O.K. They seem to be called "Fenner drive" belts.


Fenner Drive makes that belt, Don. They also make a segmented belt
which can be used in place of a standard V-belt.


O.K. I know about those, but have never used one. (My lathe


I put some on my bandsaw and it worked well. I have another box
waiting to put on my drill press. I bought the replacement idler
pulley bearing 5 years ago. Time to install it and get the damned
thing running, eh, Gunner? Shelving is first priority in the shop,
though. Deer paths and stacks of everything are not conducive to a
safe working environment. And now I have an extra cubic meter of
handyman tools to store...


runs three parallel belts from the layshaft to the spindle, and I put in
matched belts (ordered from Clausing) to minimize vibration. Not sure
how equal you could make three of those link belts. From what I have
read, they are a bit of a pain to install in crowded places like my
headstock.


Is any belt? Tight confines for working with belts make it a real
beeyotch. I needed 3 hands to put a new serpentine on my Tundra. What
should have been a quick depression of an idler pulley turned into a
1.5 hour nightmare, with jacks, jackstands, removed skid plate, etc.
The open frame of the bandsaw was the complete opposite. I sat down
and had it done in 14 minutes flat, including resizing the belt twice.
The linkbelt is quieter, too, andcauses less vibration after sitting
unused for months on end. It was worth the extra cost.

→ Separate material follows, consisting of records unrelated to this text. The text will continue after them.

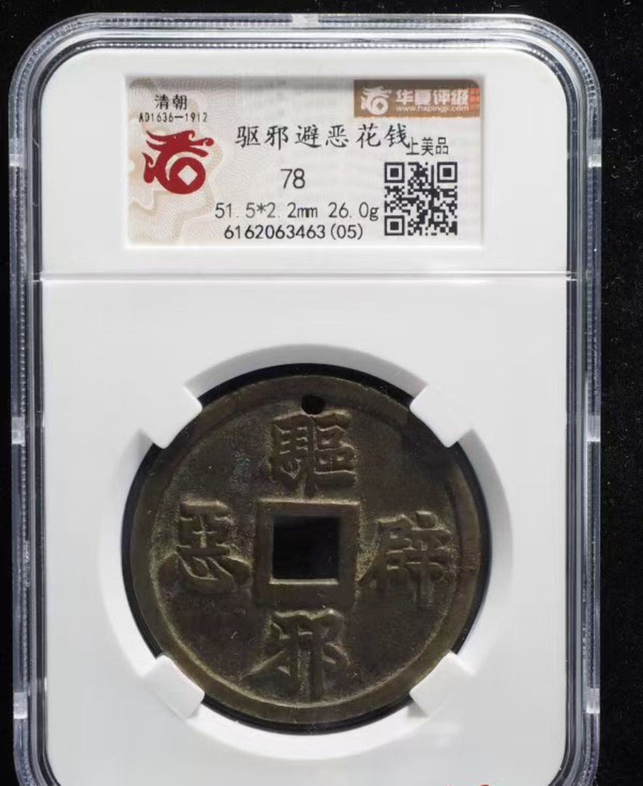 图录号009 龟蛇七星剑吉语花钱 质地:铜 质量:26.0g 尺寸:51.5x51.5x2.2mm 大热门清花,驱邪避恶背龟蛇北斗剑花钱,题材少见,传世品相,包浆熟美,字口清晰,老辣自然,面书驱邪避恶,对读;背穿上蛇、穿下灵龟,为分体玄武,穿左右分别为驱邪剑、北斗星,字口清晰自然,图案精美考究,文化气息浓郁,题材好、寓意好,尺寸硕大,版模状态好,难得难遇,已入盒,推荐收藏。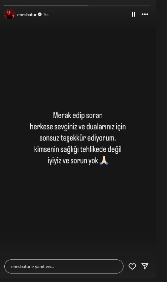 Kazanın ardından sosyal medyanın gündemine oturan ve sağlık durumu merak edilen Enes Batur Sungurtekin, 4,6 milyon takipçisinin bulunduğu Instagram hesabından açıklama yaparak "Merak edip soran herkese sevginiz ve dualarınız için sonsuz teşekkür ediyorum. Kimsenin sağlığı tehlikede değil. İyiyiz ve sorun yok" ifadelerini kullandı.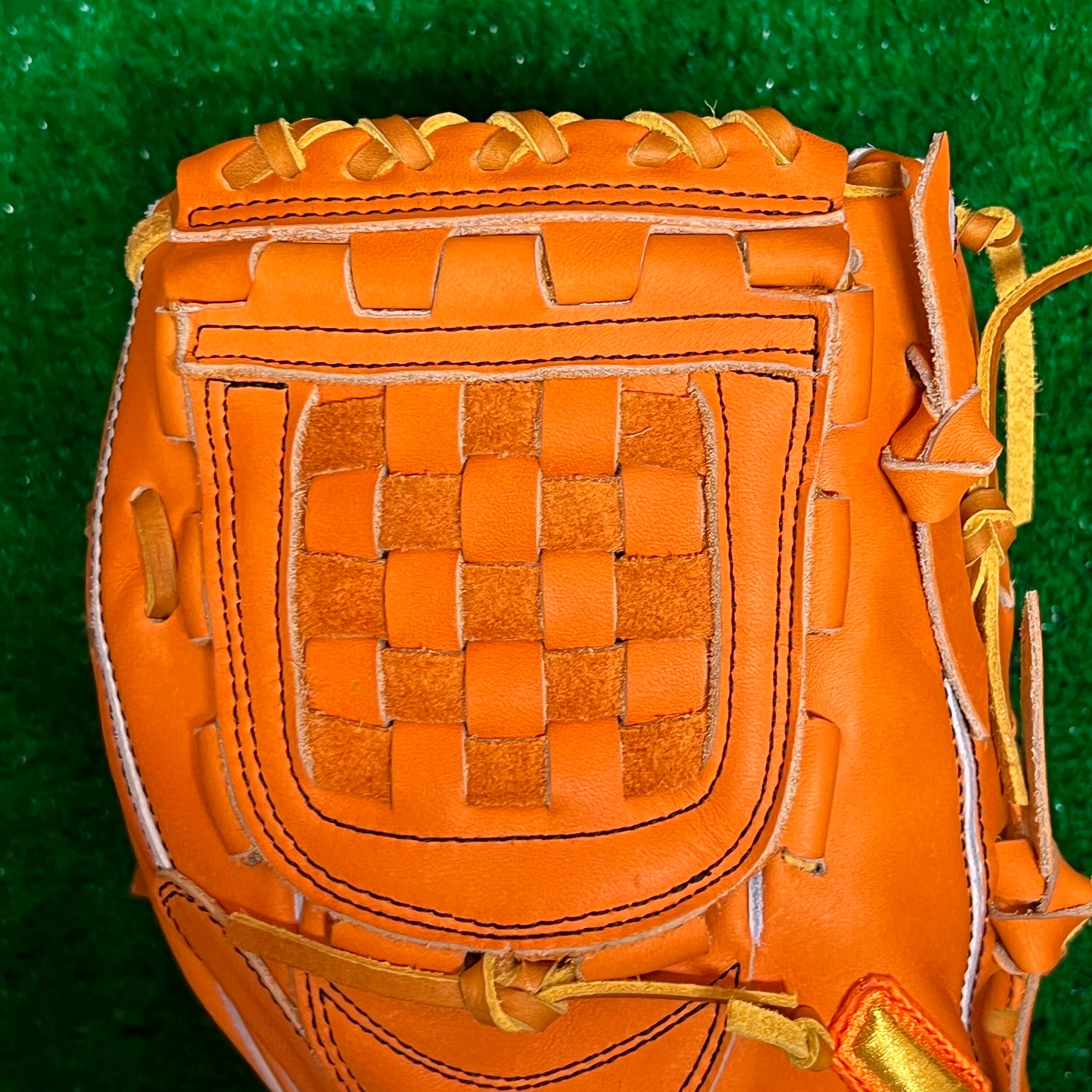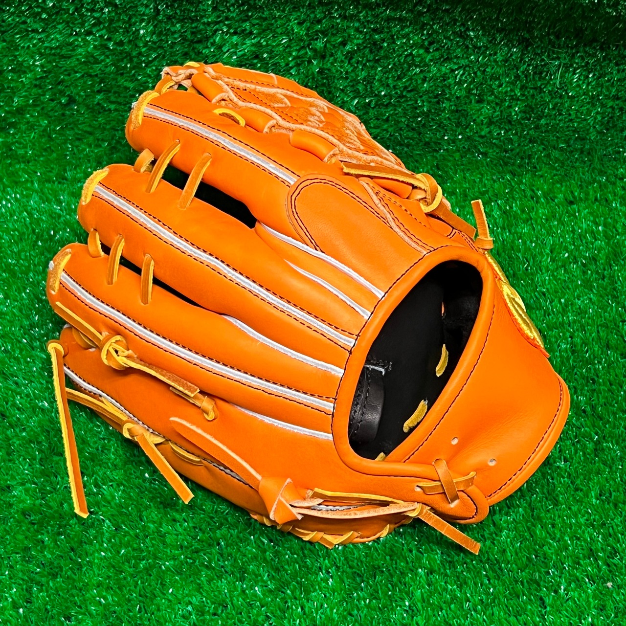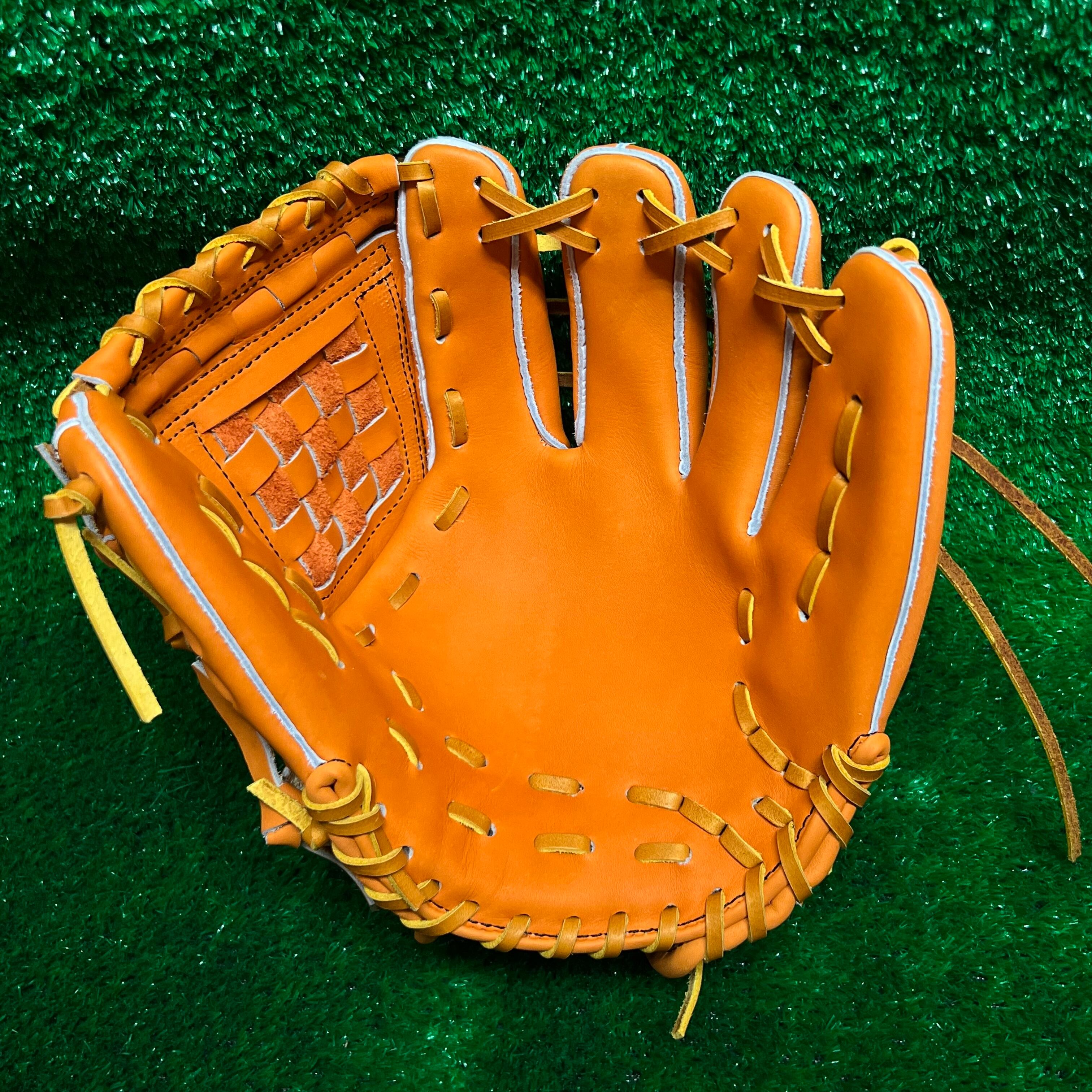NXS-2046型をベースに革の厚さを少し厚くしガッチリした作りに仕上げ、こだわりの薬指リング、背面紐通しを追加したグラブです。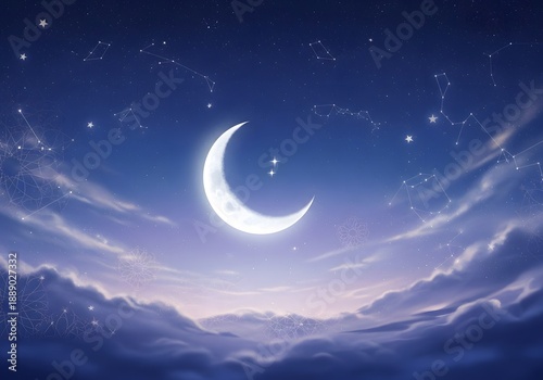 A glowing crescent moon shines brightly amidst a starry night sky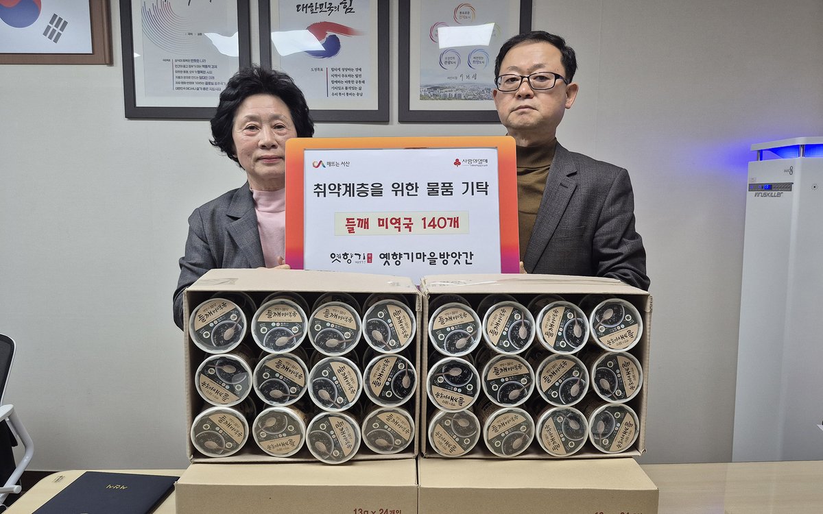 이번 협약을 통해 마을기업 옛향기마을방앗간은 분기별로 지역사회 취약계층을 위한 물품을 지원할 예정이며, 협약식 이후 동결건조 들깨미역국 140개를 기탁하여 해당 물품을 지역사회 내 도움이 필요한 주민들에게 전달하고 복지사업에 활용할 계획이다.

For your 3/16" diameter, try MSC catalog number "35364579".
They are asking $97.62 for a roll of 100 feet. Seems to have gone up
since I got mine. :-(


Hmm, it shows up at $70.39 when I pull up MSC.



Interesting. It still shows up as $97.62 for me.


Maybe I get the better pricing since I came from the Enco end of
things. It's roughly 30% off.


Are you perhaps logging into the site instead of just opening
a browser on it? If so, you may be seeing discounts. I know that
recently, after looking up a number of things in the website, when I
place an order, I get significantly lower prices on many items. I just
look through the site as someone not logged in, so I guess that I get
the default price for someone who does not have an account there. :-)


Yes, I had to log in to change sites from the old use-enco site.
Register and see if you get the prices, too, if you like.


Secondly...how much tension would be best for this application? How
much stretch should I allow for, when ordering them? Obviously too
much elongation is bad for the belt...what would be appropriate?


The answer is "enough, but not too much", Gunner. "About yea" in the
immortal words of an old mentor. The least amount of tension without
allowing the drive wheel/shaft to spin on the belt will likely give it
the best lifetime. Different rubbers with different finishes require
different tensions in different settings.


I think so. Mount the thing on springs, put an eccentric weight
on a shaft, and spin it. Given the belt drive here, it sounds like the
tension needs to take the shifting on the spring mounts into account, so
perhaps set it up so with maximum spring offset towards the motor, there
is still sufficient tension to keep it from slipping.


Well put, sir.


I've seen some designs posted where the motor itself is mounted
on the bottom of the bowl, so no belt there. But that probably means
greater eccentric weight needed to vibrate the motor too.


And likely shorter motor life, as well. That's gotta be hard on
bearing/bushings.

--
Every day I remind myself that my inner and outer life are
based on the labors of other men, living and dead, and that
I must exert myself in order to give in the same measure as
I have received and am still receiving.